**PROVIDED RECORDS:**
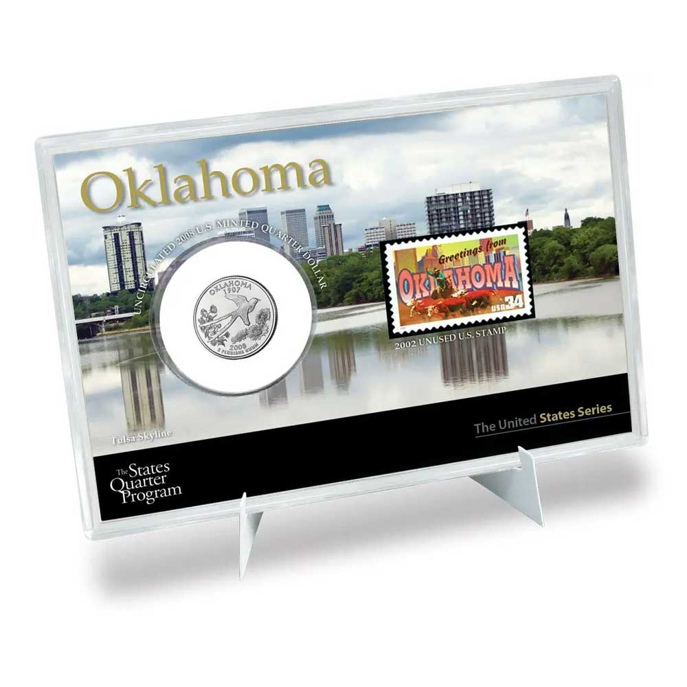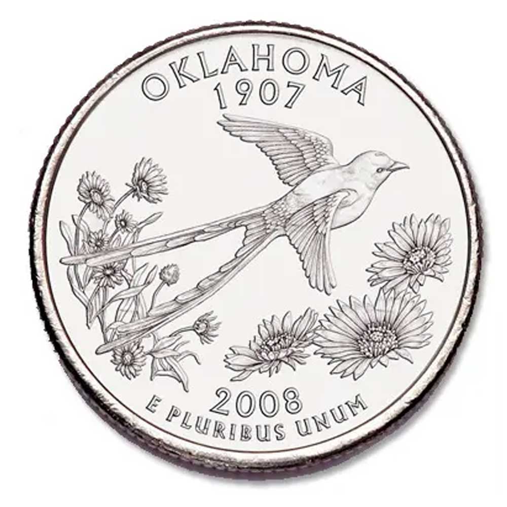 The Oklahoma Quarter features several Indian blanket blooms in the foreground, backed by a field of similar wildflowers. Above the field is the Oklahoma state bird, the scissortail flycatcher, in flight with tail feathers spread. The coin also bears the inscriptions “Oklahoma” and “2008.”
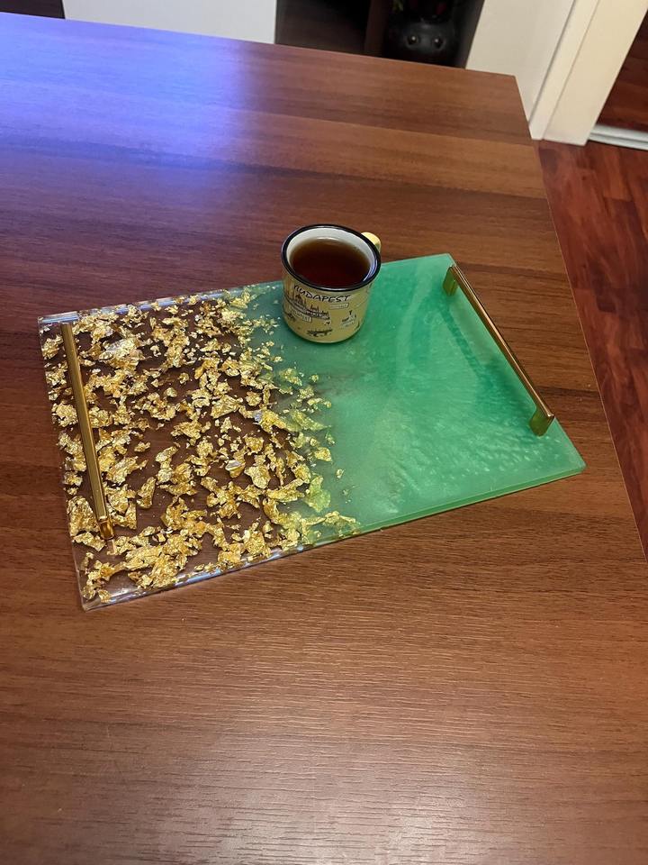 ถาดเรซิ่นราคาประหยัดพร้อมที่รองแก้ว ลายแบบต่างๆ ทำด้วยมือ ปรับแต่งได้ ทนทาน ชุดเสิร์ฟตกแต่งสำหรับห้องครัว ห้องรับประทานอาหาร และห้องนั่งเล่น
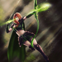 green suit. She is shown with a bow and arrow, suggesting her role as
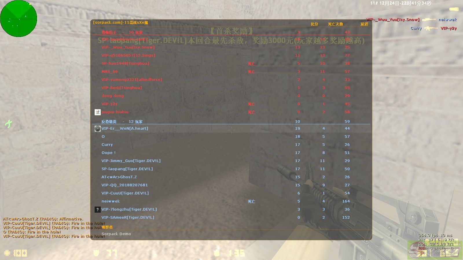 | 86 | 2018-12-24 22:11:00 | 【11混战sXe服】管理员SP-laopang[Tiger.DEV!L]把玩家Scout惩罚了5局[Demo] |
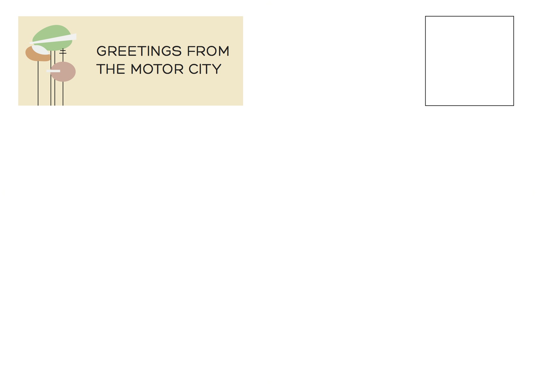 For the Detroit postcard, I settled on the Mustang because it’s such an iconic image for the city. This particular postcard was really inspired by the Jetsons. I enjoyed the Jetsons growing up so I was really digging this one. I wanted to play up the idea of hoover cars and I figured since Detroit is in such a desolate state right now, there probably wouldn’t be much on the ground to look at, so I left that out.

**EXERCISE BRIEF:**
Reproduce exactly the line containing "green suit. She" and every line after it in the material above, up to and including the last. Exclude all pictures.

**RESULT FOR THIS EXERCISE:**
 green suit. She is shown with a bow and arrow, suggesting her role as
 | 86 | 2018-12-24 22:11:00 | 【11混战sXe服】管理员SP-laopang[Tiger.DEV!L]把玩家Scout惩罚了5局[Demo] |
 For the Detroit postcard, I settled on the Mustang because it’s such an iconic image for the city. This particular postcard was really inspired by the Jetsons. I enjoyed the Jetsons growing up so I was really digging this one. I wanted to play up the idea of hoover cars and I figured since Detroit is in such a desolate state right now, there probably wouldn’t be much on the ground to look at, so I left that out.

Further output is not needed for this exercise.